You would then only require a union of the tables when someone wants to see all records, active or inactive.
In most cases a binary field indicating deletion is sufficient. Often there is a clean up mechanism that will remove those deleted records after a certain amount of time, so you may wish to start the schema with a deleted timestamp.
Moving off to a separate table and bringing them back up takes time. Depending on how many records go offline and how often you need to bring them back, it might or might not be a good idea.
If the mostly dont come back once they are buried, and are only used for summaries/reports/whatever, then it will make your main table smaller, queries simpler and probably faster.
We use both methods for dealing with inactive records. The method we use is dependent upon the situation. For records that are essentially lookup values, we use the Active bit field. This allows us to deactivate entries so they wont be used, but also allows us to maintain data integrity with relations.
We use the "move to separation table" method where the data is no longer needed and the data is not part of a relation.
The situation really dictates the solution, methinks:
If the table contains users, then several "flag" fields could be used. One for Deleted, Disabled etc. Or if space is an issue, then a flag for disabled would suffice, and then actually deleting the row if they have been deleted.
It also depends on policies for storing data. If there are policies for keeping data archived, then a separate table would most likely be necessary after any great length of time.
No - this is a pretty common thing - couple of variations depending on specific requirements (but you already covered them):
1) If you expect to have a whole BUNCH of data - like multiple terabytes or more - not a bad idea to archive deleted records immediately - though you might use a combination approach of marking as deleted then copying to archive tables.

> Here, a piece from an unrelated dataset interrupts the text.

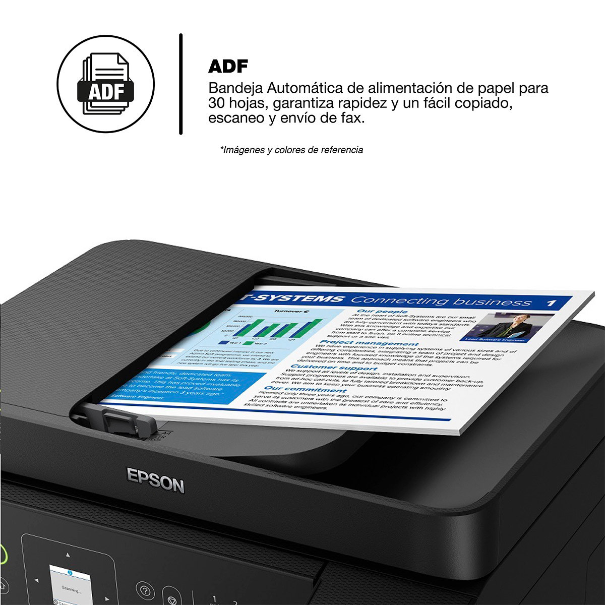 Para muchos Usuarios de Trabajo no es suficiente la confiabilidad de EcoTank, pero también tienen la expectativa de resultados más rápidos e inmediatos llevar acabo su trabajo. La EcoTank L5590 va más allá de la confiabilidad y eficiencia que espera de EcoTank para ofrecer velocidades de impresión 50% más rápidas sin sacrificar calidad de impresión3 con la tecnología Heat-Free PrecisionCore. Incremente mas aún su productividad simplificando tareas frecuentes de copiado / escaneado con su alimentador de documentos de 30 páginas; y pogra compartirla en cualquier red via Wi-Fi o Ethernet. Lleve consigo toda la conveniencia y productividad a cualquier lugar con Epson Smart Panel para imprimir y sacar provecho de la productividad de su EcoTank desde su dispositivo móvil.

2) Of course the option to hard delete a record still exists - though us developers tend to be data pack-rats - I suggest that you should look at the business process and decide if there is now any need to even keep the data - if there is - do so... if there isn't - you should probably feel free just to throw the stuff away.....again, according to the specific business scenario.
From a 'purist perspective' the realtional model doesn't differentiate between a view and a table - both are relations. So that use of a view that uses the discriminator is perfectly meaningful and valid provided the entities are correctly named e.g. Person/ActivePerson.

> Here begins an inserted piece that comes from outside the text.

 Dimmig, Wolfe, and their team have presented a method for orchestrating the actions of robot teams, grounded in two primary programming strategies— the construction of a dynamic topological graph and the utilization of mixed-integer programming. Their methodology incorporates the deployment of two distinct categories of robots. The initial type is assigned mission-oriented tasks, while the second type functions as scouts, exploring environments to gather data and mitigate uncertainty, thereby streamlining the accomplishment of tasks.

Also, from a 'purist perspective' the table should be named person, not people as the name of the relation reflects a tuple, not the entire set.
Regarding indexing the boolean, why not:
ALTER TABLE users ADD INDEX index_users_on_active (id, active) ;
Would that not improve the search?
However I don't know how much of that answer depends on the platform.
This is an old question but for those search for low cardinality/selectivity indexes, I'd like to propose the following approach that avoids partitioning, secondary tables, etc.:
The trick is to use "dateInactivated" column that stores the timestamp of when the record is inactivated/deleted. As the name implies, the value is NULL while the record is active, but once inactivated, write in the system datetime. Thus, an index on that column ends up having high selectivity as the number of "deleted" records grows since each record will have a unique (not strictly speaking) value.
Then your query becomes:
SELECT * FROM people WHERE dateInactivated is NULL;
The index will pull in just the right set of rows that you care about.
Filtering data on a bit flag for big tables is not really good in terms of performance. In case when 'active' determinate virtual deletion you can create 'TableName_delted' table with the same structure and move deleted data there using delete trigger.
That solution will help with performance and simplifies data queries.